== SOURCE INFORMATION

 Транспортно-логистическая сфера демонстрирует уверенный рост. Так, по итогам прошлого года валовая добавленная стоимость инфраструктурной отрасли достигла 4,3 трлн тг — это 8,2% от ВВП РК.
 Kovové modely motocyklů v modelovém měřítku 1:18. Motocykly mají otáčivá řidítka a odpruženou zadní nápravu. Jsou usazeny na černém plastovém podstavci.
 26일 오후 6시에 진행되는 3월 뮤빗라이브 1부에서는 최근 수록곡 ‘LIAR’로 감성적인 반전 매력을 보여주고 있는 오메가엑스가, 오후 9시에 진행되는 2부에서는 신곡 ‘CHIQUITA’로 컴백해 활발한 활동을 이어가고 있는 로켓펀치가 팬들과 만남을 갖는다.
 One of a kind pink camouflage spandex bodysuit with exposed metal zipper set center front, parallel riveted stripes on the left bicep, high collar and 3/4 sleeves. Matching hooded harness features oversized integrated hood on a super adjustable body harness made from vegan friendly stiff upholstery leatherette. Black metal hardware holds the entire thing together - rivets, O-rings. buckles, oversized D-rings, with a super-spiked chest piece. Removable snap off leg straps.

====
== SOURCE INFORMATION

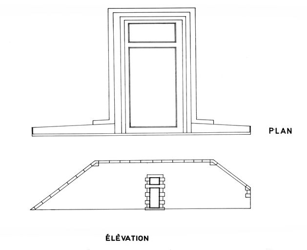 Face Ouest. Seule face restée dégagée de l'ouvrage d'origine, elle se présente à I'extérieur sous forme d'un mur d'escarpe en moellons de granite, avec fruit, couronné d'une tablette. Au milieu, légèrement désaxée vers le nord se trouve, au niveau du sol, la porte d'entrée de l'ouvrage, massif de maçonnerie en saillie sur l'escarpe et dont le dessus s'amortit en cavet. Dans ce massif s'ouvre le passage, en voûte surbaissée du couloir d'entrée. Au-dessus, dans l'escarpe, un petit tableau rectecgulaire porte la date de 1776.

====
== SOURCE INFORMATION

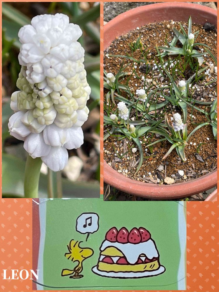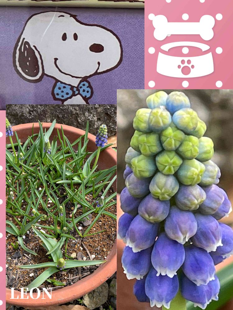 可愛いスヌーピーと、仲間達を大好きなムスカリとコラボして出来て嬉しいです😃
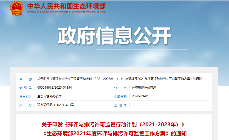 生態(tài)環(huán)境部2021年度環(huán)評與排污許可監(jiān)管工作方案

====

## [BRIEF]
For this task, write out exactly the lines of the entries above, starting at the line with "Kovové modely motocyklů" and ending at the line with "One of a kind", both included, and no others.

## [RESPONSE BELOW]
 Kovové modely motocyklů v modelovém měřítku 1:18. Motocykly mají otáčivá řidítka a odpruženou zadní nápravu. Jsou usazeny na černém plastovém podstavci.
 26일 오후 6시에 진행되는 3월 뮤빗라이브 1부에서는 최근 수록곡 ‘LIAR’로 감성적인 반전 매력을 보여주고 있는 오메가엑스가, 오후 9시에 진행되는 2부에서는 신곡 ‘CHIQUITA’로 컴백해 활발한 활동을 이어가고 있는 로켓펀치가 팬들과 만남을 갖는다.
 One of a kind pink camouflage spandex bodysuit with exposed metal zipper set center front, parallel riveted stripes on the left bicep, high collar and 3/4 sleeves. Matching hooded harness features oversized integrated hood on a super adjustable body harness made from vegan friendly stiff upholstery leatherette. Black metal hardware holds the entire thing together - rivets, O-rings. buckles, oversized D-rings, with a super-spiked chest piece. Removable snap off leg straps.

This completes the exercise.